Эмиль Золя - Собрание сочинений. Т. 17. Лурд
Особенно много было в соборе хоругвей, — они виднелись повсюду, бесчисленные, как листья на дереве. Не меньше тридцати свисало со свода. Другие, украшавшие на всем ее протяжении галерею трифориума, казались картинами в обрамлении колонн. Они стояли вдоль стен, развевались в глубине капелл, образовали над амвоном подобие неба из шелка, атласа и бархата. Они насчитывались сотнями, глаза уставали любоваться ими.

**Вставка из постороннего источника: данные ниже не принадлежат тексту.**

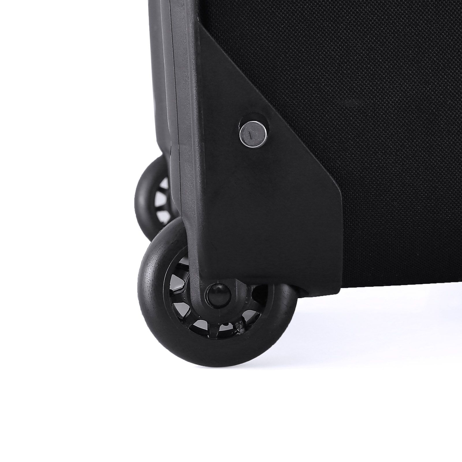 - Приховані колеса великого діаметру - дана модель обладнана двома колесами, що з обох боків захищені пластиковими бортами. Поліуретанові колеса мають достатньо великий діаметр, що забезпечує більш плавне кочення навіть по нерівним поверхням. Валізи з парою прихованих коліс більш захищені від поламок внаслідок ударів.

Многие были так искусно вышиты, что слава о них распространилась за пределами Лурда и знаменитые вышивальщицы приезжали на них посмотреть: хоругвь в честь богоматери Фурвьера с гербом города Лиона; черная бархатная хоругвь Эльзаса, шитая золотом; лотарингская, на которой изображена была святая дева, накрывающая плащом двух младенцев; бретонская — голубая с белым, где пылало окровавленное сердце Иисуса, окруженное нимбом. Здесь представлены были все империи, все государства. Даже такие далекие страны, как Канада, Бразилия, Чили, Гаити, благоговейно сложили свои знамена к стопам царицы небесной.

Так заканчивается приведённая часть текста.